With the UN Climate Change Conference in Katovice (COP24) now underway, the international community is discussing how to drastically reduce CO2 emissions. Transport is a key factor, responsible for about a fifth of global CO2 emissions – and the trend is rising.
German technology company Graforce has developed a unique technology for producing climate-neutral, synthetic fuels from industrial wastewater and renewable energies. With low hydrogen production costs, a wide variety of wastewaters and significantly reduced emissions, its new plasmalysis technology makes a significant contribution to replacing fossil fuels.
“We are well below the climate targets agreed in Paris. It’s high time to seize every opportunity,” explains Dr. Jens Hanke, founder of Graforce. “E-fuels could be critical to climate protection, especially in the transport sector.”

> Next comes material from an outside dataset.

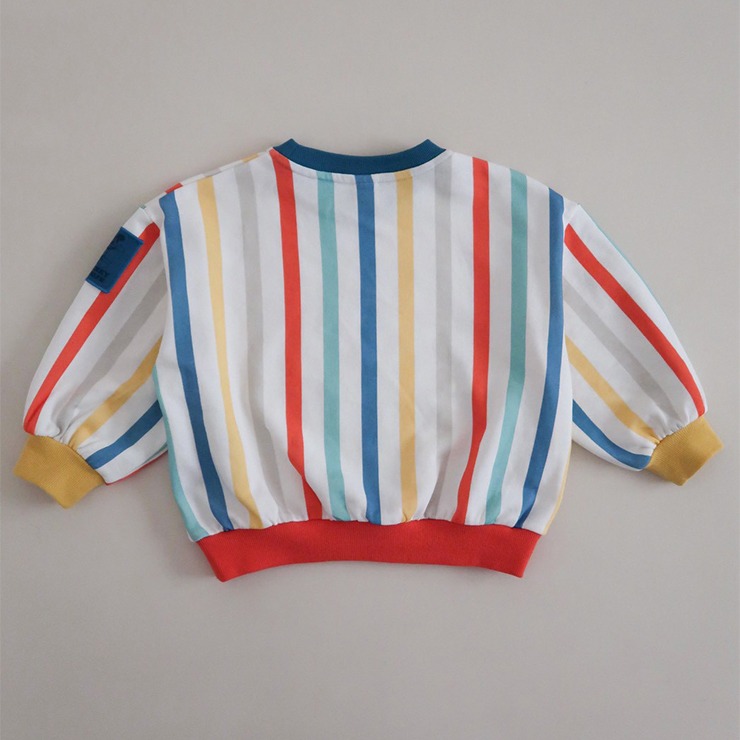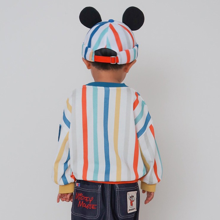 可愛らしいミッキーと、目を引くカラフルなストライプが特徴の裏毛トレーナー♪

Gasoline, diesel, natural gas, kerosene: climate-neutral fuel production is possible
Graforce has been working on the future of energy supply since 2010. At its Power2X plant in Berlin, Graforce is already producing hydrogen using the plasmalysis process developed in-house. Unlike electrolysis, which uses distilled water, plasmalysis produces hydrogen from high-energy chemical compounds in wastewater. The process halves fuel production costs and results in significantly higher yields.
A high-frequency field of tension – called plasma – is generated from solar or wind energy above wastewater, which is produced, for example, in production processes in biogas, sewage or industrial plants. This plasma breaks down the carbon and nitrogen compounds (urea, amino acids, nitrates and ammonium) contained in the water into individual atoms, which then rebond. This produces hydrogen and – depending on the requirements – CO, CO2 or methane (CH4).
Synthetic liquid fuels can then be produced from the resulting CO2 or CO and hydrogen using the proven Fischer-Tropsch process. These fuels make, above all, long-haul transport, aviation and shipping more climate-friendly without any adjustments or restrictions.
Using methane or mixing hydrogen with biogas produces HCNG, which can be used as fuel in natural gas vehicles and in combined heat and power plants to reduce emissions (CO2, CO, HC, NOx) by 20 to 60 percent. The only waste products that remain are purified water and oxygen. Graforce cooperates with the carmaker Audi, the utility company Berliner Wasserbetriebe and other firms.